我放下鏡子淡淡地掃過她「鎮北侯怎麼派了你這麼個無用的人來。」


 


「你!」她氣急快步走過來將我手中的鏡子打落在地。


 


我笑了笑故意激她,「呦,你還想打我不成。」


 


「滾吧,別在我眼前礙眼。」


 


沒再看辛夷氣得發青的臉,我轉身躺在床上閉眼假寐。


 


4


 


用過完晚膳後,我讓下人都去休息,沒有我的吩咐不必再來。


 


因我被太子厭棄被禁足,東宮裡的人對我這院子恨不得繞道走,

院子裡昏黃的燈忽明忽暗,窗外一片寂靜。


 


我看了看窗外,今天是十五。


 


我痛得身上開始冒汗,臉色慘白,頭發在汗水的浸潤下湿漉漉的胡亂貼在我的額頭,一片黏膩。


 


「辛夷…」聲音有些沙啞顫抖。


 


我攥緊了拳,向床邊挪去,渾身上下骨頭經脈像是被根根拆開敲碎了般,沒有一絲力氣。


 


「嘭」一聲,狠狠地摔在地上,蜷縮成一團「辛夷」


 


在我意識逐漸開始模糊的時候,辛夷才緩緩從外面走過來,冷冷地看著我狼狽的模樣。


 


「他不會讓我S的…」


 


辛夷不屑地看著我,伸手將我的手指一根一根掰開,我再也沒有力氣的手垂了下來。


 


「不過就是個破爛貨,你還真當自己是侯府千金啊。

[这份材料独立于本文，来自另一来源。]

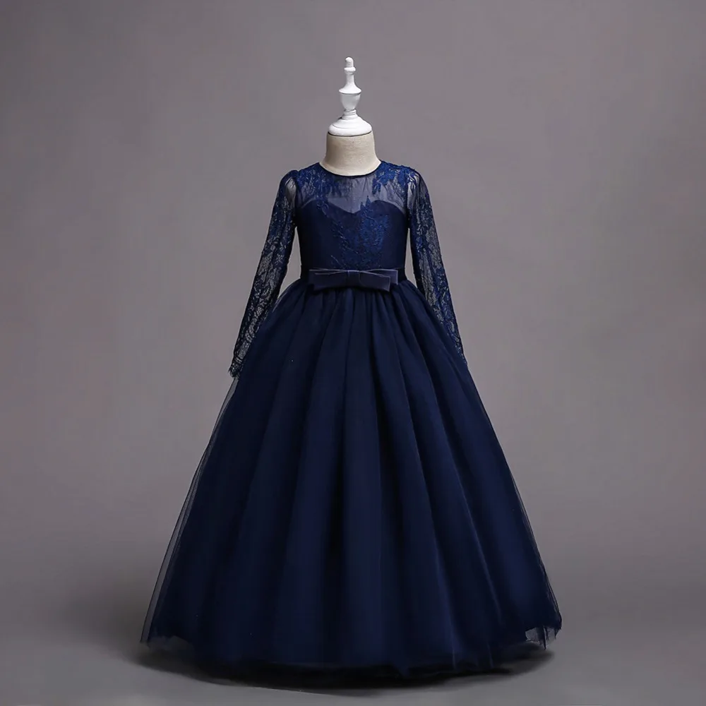 Купить 2018 элегантные платья для девочек с длинным рукавом Тюль Кружева Рождественская одежда Свадебная вечеринка платье для девочки Детские плат... Продажа Дешево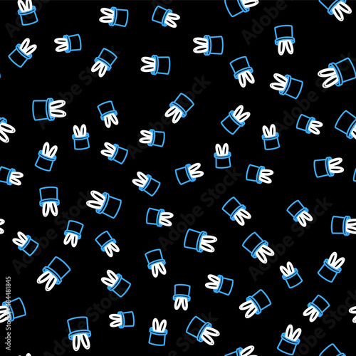 Line Magician hat and rabbit ears icon isolated seamless pattern on black background. Magic trick. Mystery entertainment concept. Vector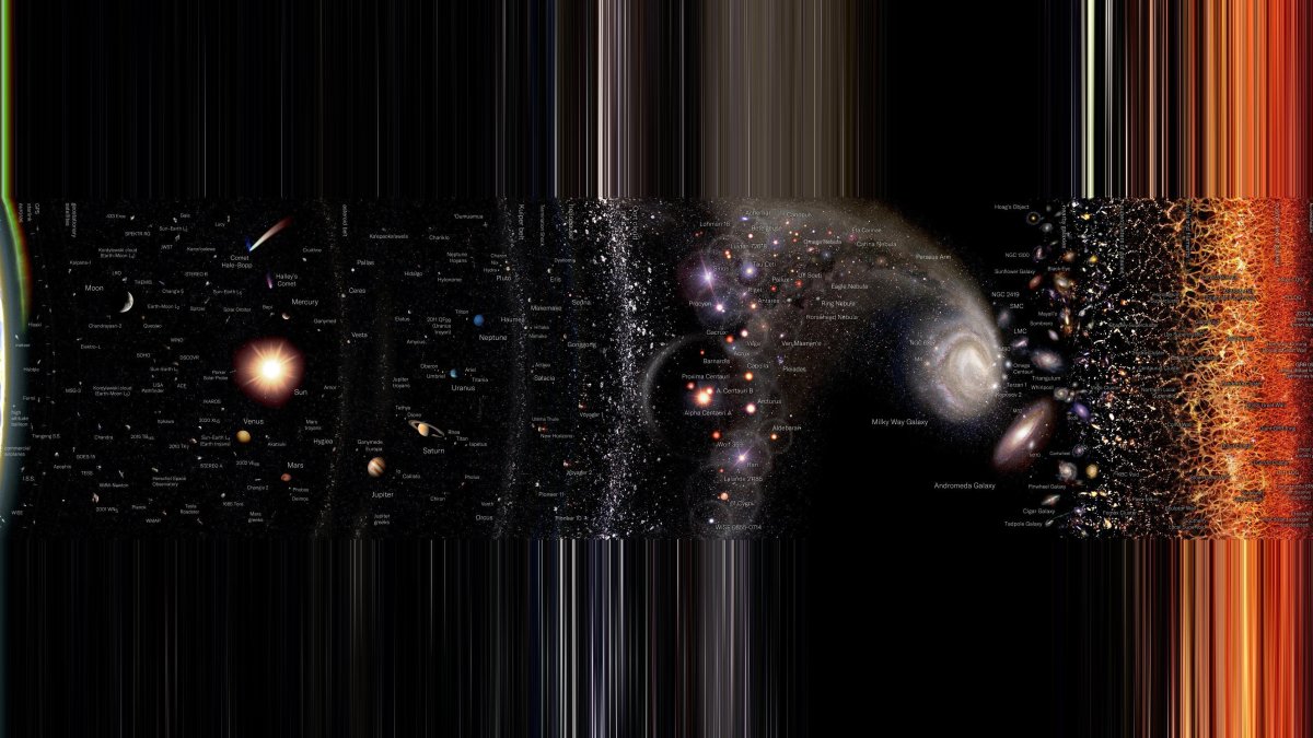 This vertically oriented logarithmic map of the Universe spans nearly 20 orders of magnitude, taking us from planet Earth to the edge of the visible Universe. Each large “mark” on the right side’s scale bar corresponds to an increase in distance scales by a factor of 10.

」


 


「侯爺是沒說讓你S,

可也沒說不能讓你受些苦頭啊。」


 


她半蹲下來,清麗的臉逆著燈火看不清神色,伸手啪啪拍著我冰涼的臉。


 


「白日裡不是挺囂張的嗎。」


 


我緊咬著下唇,殷紅的唇被我咬出了血絲看起來更是瘆人,再也堅持不住暈了過去。


 


意識迷糊間辛夷掐著我的下颌,粗魯地塞進我嘴裡一顆藥丸,不再看我一眼轉身離去。


 


門被合上後,我緩緩睜開眼,再無半點虛弱模樣,從耳墜中摳出一粒小得幾乎看不到的白粒放入口中。


 


黑夜中,我勾了勾唇。


 


5


 


三日後。我等的人該來了。


 


我虛弱地躺在床上,往日精致嬌豔的臉龐短短幾天瘦得幾乎脫相,眉目間散不開的憂愁徒留一種病態。


 


直到太子修長的手握住我,逐漸收緊,我才像是剛回過神來,

堪堪回首。


 


我如夢痴般微顫著伸手撫上他的眉眼「殿下…是你嗎」


 


太子心疼地握住我的手在上面落下溫柔的吻,貼在他的臉上。


 


「妍兒,是下人沒有好好侍候嗎?怎麼瘦成這樣。」


 


我似如夢清醒般縮回了手,睫毛微顫,轉身不再看他「臣妾戴罪之身,殿下怎麼來了。」


 


太子忙將我摟進懷裡緊緊抱住,「妍兒在說什麼傻話。」


 


我悶不吭聲,微微地掙扎,想從他懷裡掙出。


 


太子覺察出我的抗拒胳膊收得更緊,「是孤錯怪了你。」


 


「你可是在怨孤?」


 


我在他懷裡冷笑,默默伸手掐了掐大腿。


 


抬眼已是淚眼蒙眬,惹人憐愛。


 


「妍兒怎會怪您,隻是有些傷心罷了。」說完眼淚一大滴地落在他手背上。


 


他似是被燙到,指尖顫了顫,輕柔地拭去我的淚。


 


「殿下…到底是何人害了良娣?」


 


撫著我後背的手一頓「不過是下人生了嫉妒之心,這才惹了禍事。」


 


我坐起來眼神清明地看著他,明明白白地寫著,你是把我當傻子了嗎。